Ein echtes Hemmnis für die späte Fruchtbarkeit vieler Männer sind aber Krankheiten wie Diabetes und Arteriosklerose, die Auswirkungen auf die Erektionsfähigkeit haben können. Während die Sorge um die erfüllte Sexualität zahlreiche ältere Männer in die Sprechstunde eines Urologen führt, sucht bei Haidl sehr selten ein Mann über 65 wegen eines unerfüllten Kinderwunsches Rat. Der Androloge müsste dann auch darauf hinweisen, dass mit dem Alter des Vaters – ebenso wie mit dem der Mutter – das Risiko steigt, genetische Schäden an das Kind weiterzugeben. Wahrscheinlich sind die Kontroll- und Reparaturmechanismen, die wirksam werden, wenn sich bei der Entwicklung der Samenzellen Fehler einschleichen, im höheren Lebensalter nicht mehr so verlässlich.

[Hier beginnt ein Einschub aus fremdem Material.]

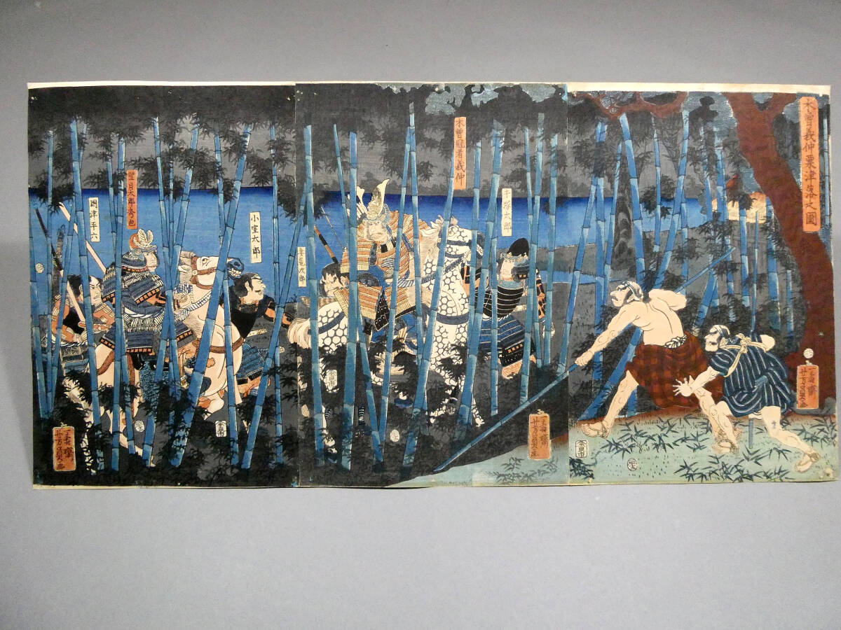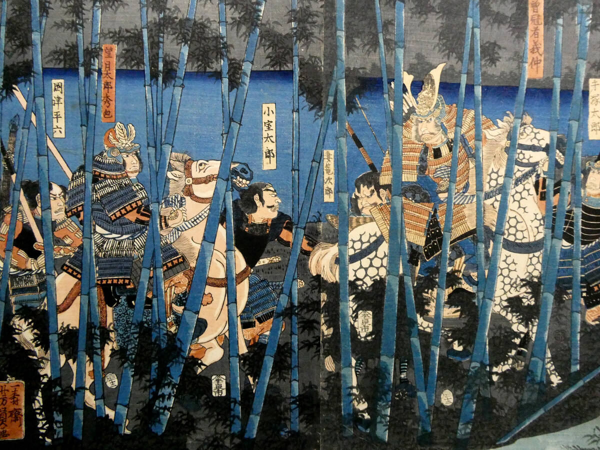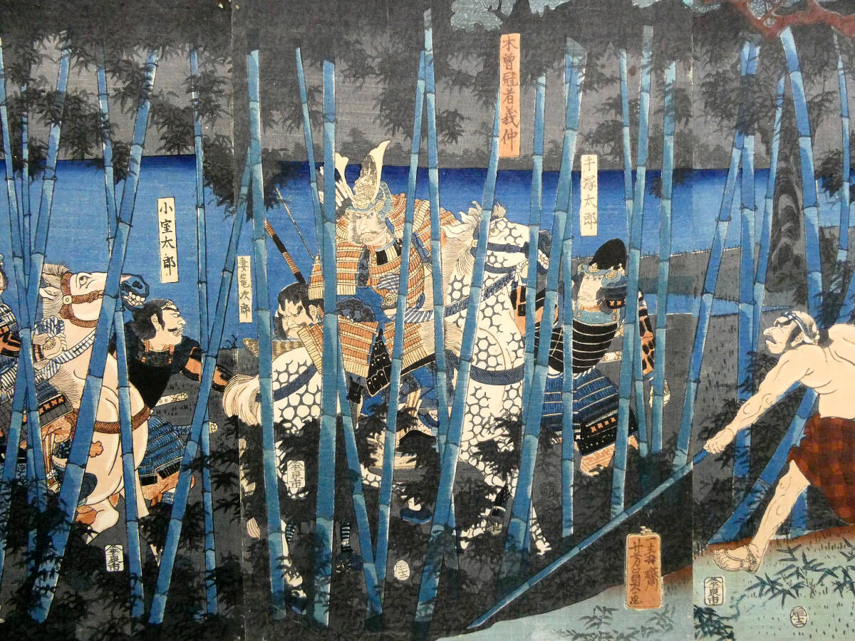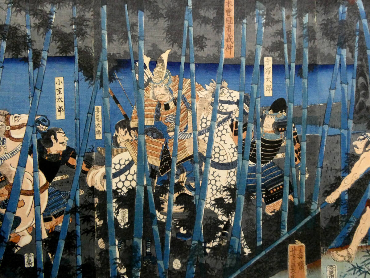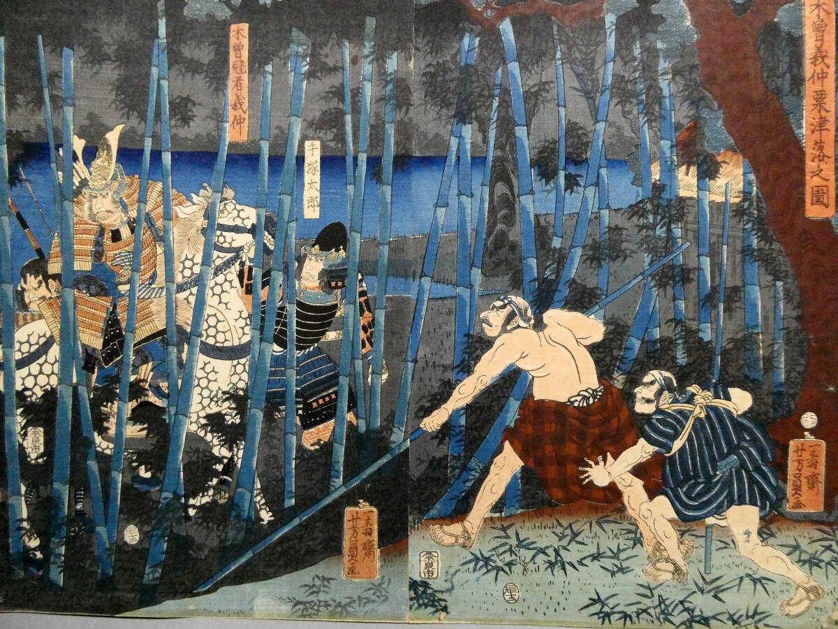 ■ 歌川芳員 江戸時代 木版浮世絵 「木曽義仲粟津落之図」3枚続揃い 義仲軍の壊滅 治承・寿永の乱 ■

Fazit: Im Schnitt nimmt die Fruchtbarkeit auch bei Männern mit dem Alter deutlich ab – allmählich, nicht abrupt. Manche Männer werden aber auch mit 90 noch Vater. Eine verlässliche Methode der Empfängnisverhütung sollte in der Wahl eines älteren Partners also besser nicht gesehen werden.